09.20.07 - Feds Crack
Down On Stock Lenders
The Feds are moving on their long-promised crackdown on
abuses in the murky world of stock lending.
The charges read like something only David Chase could
dream up, including kickbacks and phony payments to family
members and others. Five people, including former stock
loan traders at Morgan Stanley (nyse: MS - news - people
) and Janney Montgomery Scott, face criminal charges of
conspiracy to commit wire and mail fraud, money laundering
and making false statements. The arraignments are scheduled
for Thursday afternoon in New York.
Sixteen people have faced criminal complaints by the U.S.
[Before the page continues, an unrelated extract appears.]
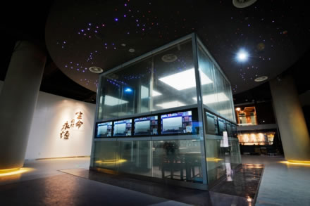 數(shù)字館位于民國館北側(cè)地下,由實體展館和網(wǎng)絡虛擬館構成。實體館約1200平方米,用抽象概念輔以歷史事實的表現(xiàn)方式詮釋中華文明發(fā)展歷程,總體風格時尚亮麗。突破“以展柜和展板為主”的傳統(tǒng)展陳方式,采取“不封死、不看穿”錯層交疊的空間構建手段,集合分列式多屏幕、透明屏、二維碼等多媒體形式,運用實時摳像、動作捕捉等數(shù)字技術,將空間、裝飾、媒體硬件及數(shù)字內(nèi)容結合起來,營造立體豐富的展示環(huán)境,引導觀眾沿著流線移步換景。網(wǎng)絡虛擬館通過網(wǎng)絡和圖像識別技術復原實體展館的空間和內(nèi)容,是實體展館的延伸。以網(wǎng)絡為平臺,觀眾自己制作的展示內(nèi)容,通過遴選的,也可推送到實體展館。實體展館分為六大展區(qū),序廳:以《時光》為題,通過流水、風沙、變幻的星空,體現(xiàn)“時間”對于人類文明的獨特作用,營造時間飛逝,萬物滄桑的情境感。萌動與發(fā)軔:用獨具風格的影像勾勒出初生的人類試圖征服自然時表現(xiàn)出的勇氣與“傻氣”。進取與成長:體現(xiàn)中華文明的快速發(fā)展。用歷史故事表現(xiàn)“熱血青年”、“因為愛情”、“君子愛財”、“意氣風發(fā)”等人生路上的喜怒哀樂。擴張與融合:用立面寬12.5m,高5.9m的C形巨幕影片,以戰(zhàn)爭、帝國故事表現(xiàn)人類進步過程中的豪邁激越、堅韌不拔以及全盛時期的聲色犬馬、宗教宣揚。封閉與開放:截取閉關鎖國、鴉片戰(zhàn)爭、文明絲路中的歷史片段,表現(xiàn)中華文明從開拓進取逐漸轉(zhuǎn)向內(nèi)斂、保守、固步自封的心態(tài)。生命因你永恒:總結在初生、發(fā)展、強盛、衰落這一螺旋式漸進的歷史進程中,文化和民族產(chǎn)生了融合,政治制度、科學技術和文化藝術也在不斷成熟、進步,文明向更加美好和睿智的方向前進。

attorney in Brooklyn so far in the investigation, and 10
have already pleaded guilty.
Meanwhile, the Securities and Exchange Commission charged
38 people with a series of fraud schemes, including the
payment of kickbacks and the collection of phony finders'
fees that reaped $12 million in profits over a decade. The
individuals include former traders from Morgan Stanley,
Van der Moolen (nyse: VDM - news - people ), Janney Montgomery,
A.G. Edwards, Oppenheimer and Nomura Securities.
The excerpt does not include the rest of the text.